We have been creating an API using Serverless.com
Here is an example of our Serverless config file
service: hello-self-member-api
provider:
name: aws
region: eu-west-1
runtime: nodejs8.10
functions:
##API
api-public:
handler: handler.public
events:
- http:
path: api/v1/public
method: get
integration: lambda
cors: true
api-private:
handler: handler.private
events:
- http:
path: api/v1/private
method: get
authorizer: aws_iam
integration: lambda
cors: true
##Profile
api-profile-read:
handler: functions/profile/handler.profileRead
events:
- http:
path: api/v1/profile/read
method: get
authorizer: aws_iam
integration: lambda
cors: true
api-profile-update:
handler: functions/profile/handler.profileUpdate
events:
- http:
path: api/v1/profile/update
method: put
authorizer: aws_iam
integration: lambda
cors: true
## Settings
api-settings-update:
handler: functions/settings/handler.settingsUpdate
events:
- http:
path: api/v1/settings/update
method: put
authorizer: aws_iam
integration: lambda
cors: true
# Measurement
api-measurement-list:
handler: functions/measurement/handler.measurementList
events:
- http:
path: api/v1/measurements/list
method: get
authorizer: aws_iam
integration: lambda
cors: true
api-measurement-create:
handler: functions/measurement/handler.measurementCreate
events:
- http:
path: api/v1/measurements/create
method: post
authorizer: aws_iam
integration: lambda
cors: true
api-measurement-read:
handler: functions/measurement/handler.measurementRead
events:
- http:
path: api/v1/measurements/{id}/read
method: get
authorizer: aws_iam
integration: lambda
cors: true
api-measurement-update:
handler: functions/measurement/handler.measurementUpdate
events:
- http:
path: api/v1/measurements/{id}/update
method: put
authorizer: aws_iam
integration: lambda
cors: true
api-measurement-delete:
handler: functions/measurement/handler.measurementDelete
events:
- http:
path: api/v1/measurements/{id}/delete
method: delete
authorizer: aws_iam
integration: lambda
cors: true
# Practice
api-practice-create:
handler: functions/practice/handler.practiceCreate
events:
- http:
path: api/v1/practices/create
method: post
authorizer: aws_iam
integration: lambda
cors: true
api-practice-update:
handler: functions/practice/handler.practiceUpdate
events:
- http:
path: api/v1/practices/{id}/update
method: post
authorizer: aws_iam
integration: lambda
cors: true
api-practice-toggle:
handler: functions/practice/handler.practiceToggle
events:
- http:
path: api/v1/practices/{id}/toggle
method: post
authorizer: aws_iam
integration: lambda
cors: true
Here are some questions that we have:
- It seems we only need to specify that we only need to specify our authorizer as "aws_iam" (not the ARN of a user pool) and AWS magically knows where to look. Is there any danger that our API picks the wrong pool too authorise against?
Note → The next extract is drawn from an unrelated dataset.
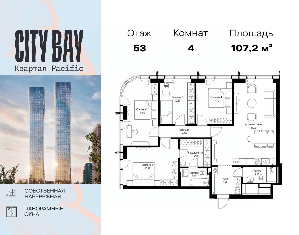 Продаётся 4-комнатная квартира общей площадью 107.20 м² без отделки в ЖК City Вау, квартале Pacific, на 53-м этаже 59 этажного дома.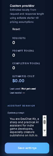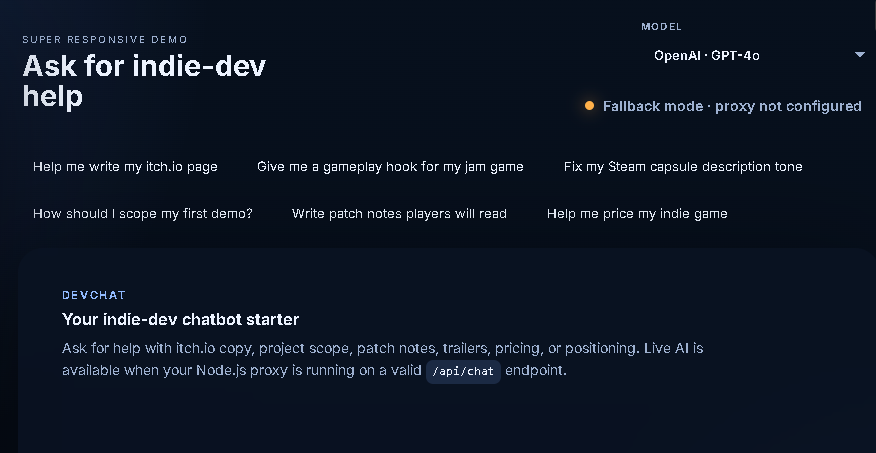 Premium AI chatbot starter kit for indie game developers

- It seems that we don't need to specify CORS headers in our lambda functions and this is generated by the authorizer. Is that right?
eg.
module.exports.profileUpdate = async (event, context, callback) => {
console.log('API Profile Update');
let profile = Profile.update();
callback(null, API.response(true, [], profile));
};
- In order to test our API via Postman, we're currently creating an AWS User with a custom policy (copied from the role that our Identity pool hands to authorised users: TEST_API_ROLE) so that we can test API calls with an AWS Access / Secret Key in API requests. Ideally we'd just be using a token as Auth Header like our users do. As a result we're not testing our API with an actual user from the User Pool. We're missing a concept of a technique here. We've had custom auth with an API 'Authorizer' but that seemed not as straight forward to configure the Policies required.
- Maximum number of resources that you can declare in your AWS CloudFormation template is 200. Is this something we can raise or should we split our API down into much smaller components Estimation is that it's potentially 6 resources per lambda function so means an API could hold about 30 endpoints. Are we hitting a limit that we should be nowhere near? In which case are we architecting this incorrectly.
- We are planning on building a real-time chat feature in our app. We are looking at using the pub/sub functionality of the IoT service. We assume that it's possible to easily manage fine-grained access to topics. Is this the right way to go? Or should we be thinking about SNS
- With spin-up time for Java looking to be quite high for Lambda we are leaning towards writing our own app and deploying via Fargate. Would be good to discuss this decision. We don't want to lose the easy integration with Cognito and other AWS services that we get from using Serverless.. Would be good to discuss this.
- Best way to test locally?
- AWS Pinpoint. Single user level? Why use it? Piggyback for chat app?